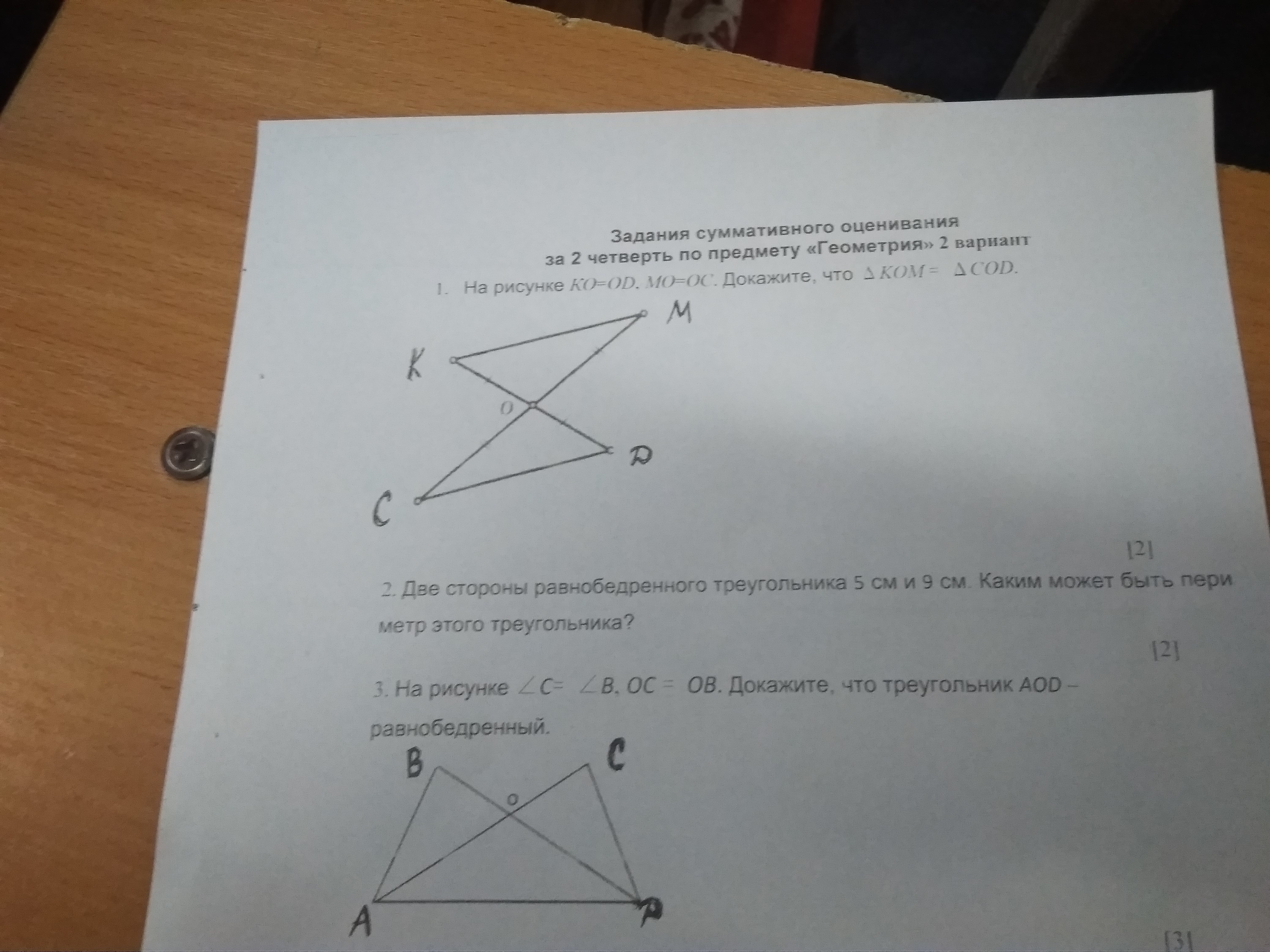 треугольник COD=треугольнику КОМ (по 1 признаку)
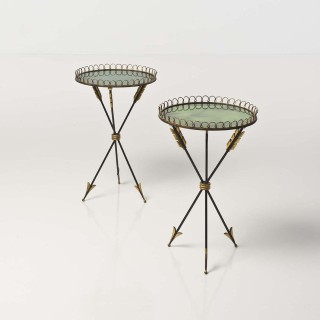 André Arbus (1903-1969) Paire de guéridons Fer forgé, doré e ...
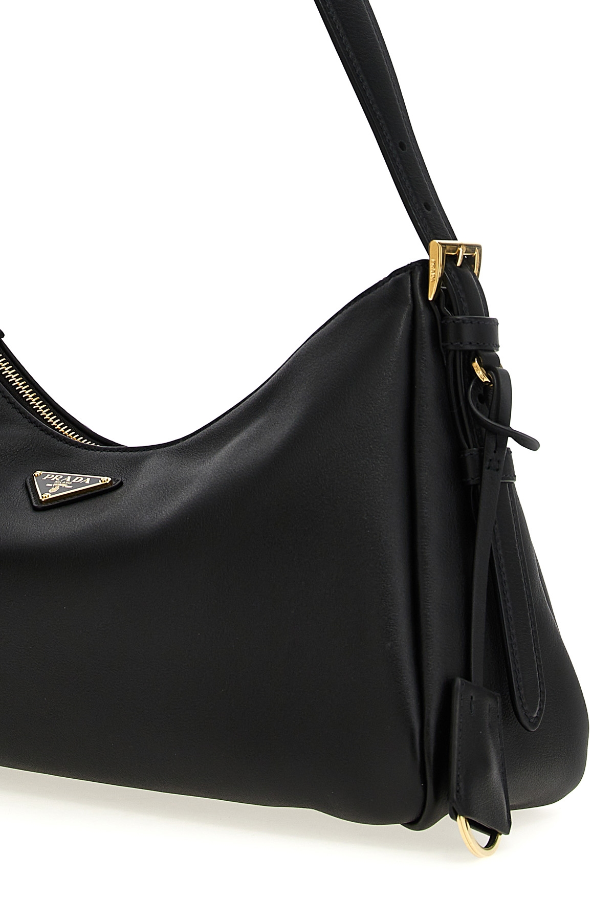 'Prada Aimee' leather shoulder bag, front enameled metal triangle logo, adjustable handle, zip closure, removable leather and metal key ring.
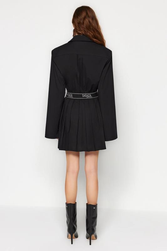 لباس مجلسی پوپلین پلیسه مشکی X Sagaza Studio با کمر کشی و کمر اسکیت باز مشکی
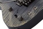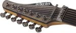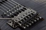 The guitar has an arched top, Ultra Access neck-thru design and a roasted maple/purpleheart multi-ply neck reinforced with carbon rods. The ebony fingerboard features offset/reverse Roman numeral inlays and Luminlay glow-in-the-dark side dots. The Ultra Thin “U” neck profile measures 19 mm at the first fret and 20 mm at the 12th fret. Scale length is 26.5” (673 mm) with a 12”–16” compound radius. The guitar includes 24 X-Jumbo stainless-steel frets and a Floyd Rose 1500 Series nut.
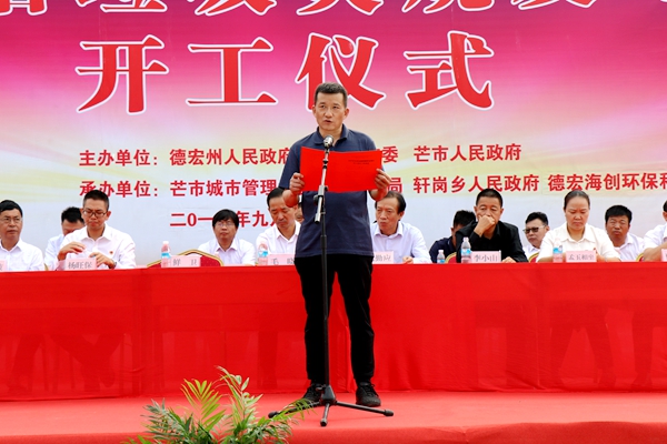 芒市副市長孟玉相坐代表芒市人民政府致辭。她首先向公司開工儀式的舉行致以熱烈的祝賀,表示市鎮(zhèn)府、各相關局委及鄉(xiāng)鎮(zhèn)將全力支持好、配合好項目建設,努力為項目建設提供優(yōu)質(zhì)服務、創(chuàng)造寬松環(huán)境,全程、全時、全力關注支持公司建設,確保項目早建成、早投產(chǎn)、早為芒市人居環(huán)境提升做貢獻。
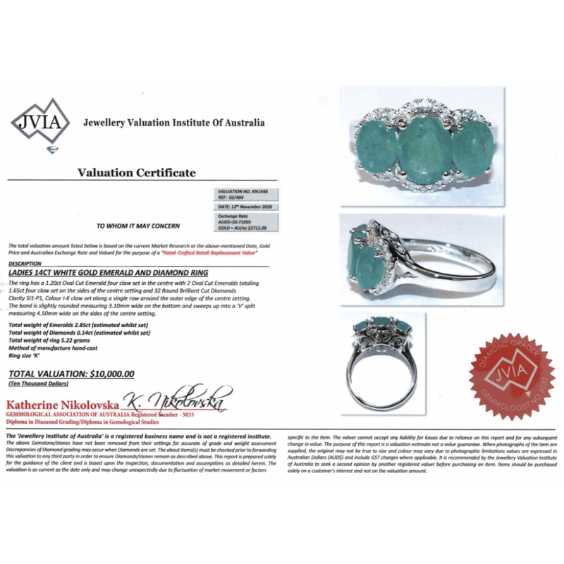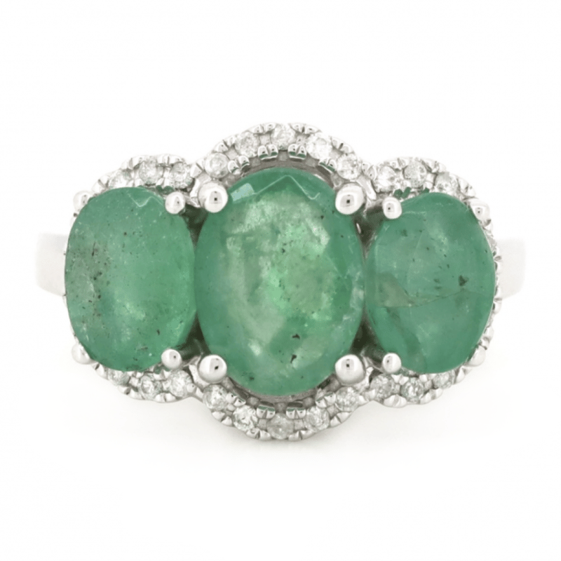 14K WHITE GOLD, EMERALD AND DIAMOND, HALO TRILOGY RING. THE DESIGN FEATURES, 3 OVAL CUT, GREEN, EMERALDS (2.85CT TSW, VISIBLE INCLUSIONS), CLAW SET. ENCOMPASSING THE DESIGN ARE, 32 ROUND BRILLIANT CUT, DIAMONDS (0.14CT TDW, I-K COLOUR, SI1-P1 CLARITY), CLAW SET. RING SIZE J 1/2. Jewellery Valuations Provided By A Third Party Professional Not Directly Associated With Lloyds Auctions at AUD $10,000.00This Insurance Valuation has been provided by a registered Jewellery Valuer and is intended for insurance purposes only. The valuation amount has no bearing on the auction value of the item. Any questions regarding the valuation should be directed to the issuing Valuer (refer to contact details on the certificate) as Lloyds have no association or relationship with the Valuer or the valuation amount contained within the valuation. Condition: Good - Refer Images 0645856+1651
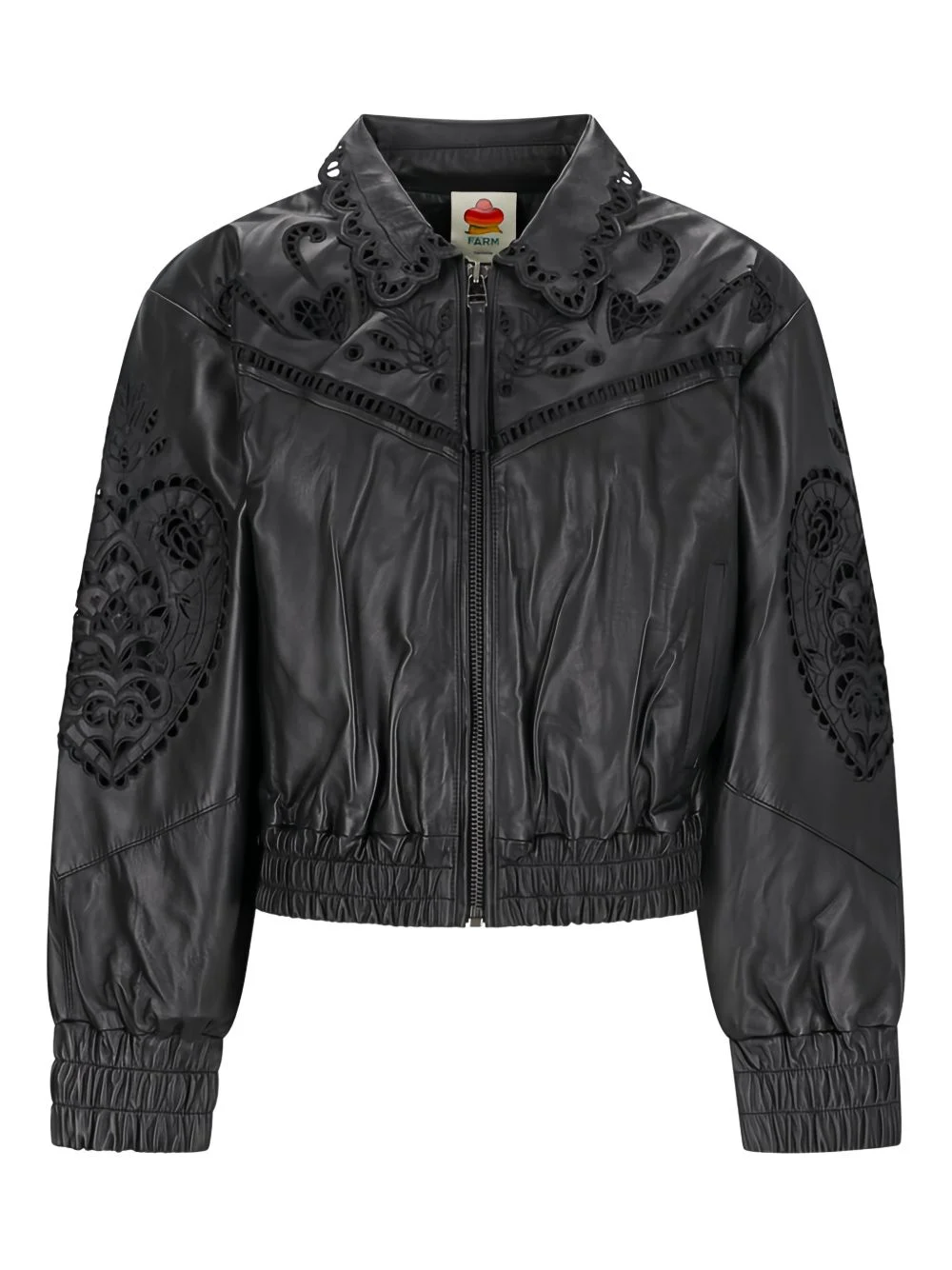 Richelieu heart-shape cut-out leather jacket Highlights - Black - Cut-out detail - Zip fastening - Elasticated hem - Long sleeves Imported Composition Calf Leather 100% Washing instructions Dry Clean Only

> _Requirement_
For every entry, return its exact wording and leave out any image.

> _Written response_
 треугольник COD=треугольнику КОМ (по 1 признаку)
 André Arbus (1903-1969) Paire de guéridons Fer forgé, doré e ...
 'Prada Aimee' leather shoulder bag, front enameled metal triangle logo, adjustable handle, zip closure, removable leather and metal key ring.
 لباس مجلسی پوپلین پلیسه مشکی X Sagaza Studio با کمر کشی و کمر اسکیت باز مشکی
 The guitar has an arched top, Ultra Access neck-thru design and a roasted maple/purpleheart multi-ply neck reinforced with carbon rods. The ebony fingerboard features offset/reverse Roman numeral inlays and Luminlay glow-in-the-dark side dots. The Ultra Thin “U” neck profile measures 19 mm at the first fret and 20 mm at the 12th fret. Scale length is 26.5” (673 mm) with a 12”–16” compound radius. The guitar includes 24 X-Jumbo stainless-steel frets and a Floyd Rose 1500 Series nut.
 芒市副市長孟玉相坐代表芒市人民政府致辭。她首先向公司開工儀式的舉行致以熱烈的祝賀,表示市鎮(zhèn)府、各相關局委及鄉(xiāng)鎮(zhèn)將全力支持好、配合好項目建設,努力為項目建設提供優(yōu)質(zhì)服務、創(chuàng)造寬松環(huán)境,全程、全時、全力關注支持公司建設,確保項目早建成、早投產(chǎn)、早為芒市人居環(huán)境提升做貢獻。
 14K WHITE GOLD, EMERALD AND DIAMOND, HALO TRILOGY RING. THE DESIGN FEATURES, 3 OVAL CUT, GREEN, EMERALDS (2.85CT TSW, VISIBLE INCLUSIONS), CLAW SET. ENCOMPASSING THE DESIGN ARE, 32 ROUND BRILLIANT CUT, DIAMONDS (0.14CT TDW, I-K COLOUR, SI1-P1 CLARITY), CLAW SET. RING SIZE J 1/2. Jewellery Valuations Provided By A Third Party Professional Not Directly Associated With Lloyds Auctions at AUD $10,000.00This Insurance Valuation has been provided by a registered Jewellery Valuer and is intended for insurance purposes only. The valuation amount has no bearing on the auction value of the item. Any questions regarding the valuation should be directed to the issuing Valuer (refer to contact details on the certificate) as Lloyds have no association or relationship with the Valuer or the valuation amount contained within the valuation. Condition: Good - Refer Images 0645856+1651
 Richelieu heart-shape cut-out leather jacket Highlights - Black - Cut-out detail - Zip fastening - Elasticated hem - Long sleeves Imported Composition Calf Leather 100% Washing instructions Dry Clean Only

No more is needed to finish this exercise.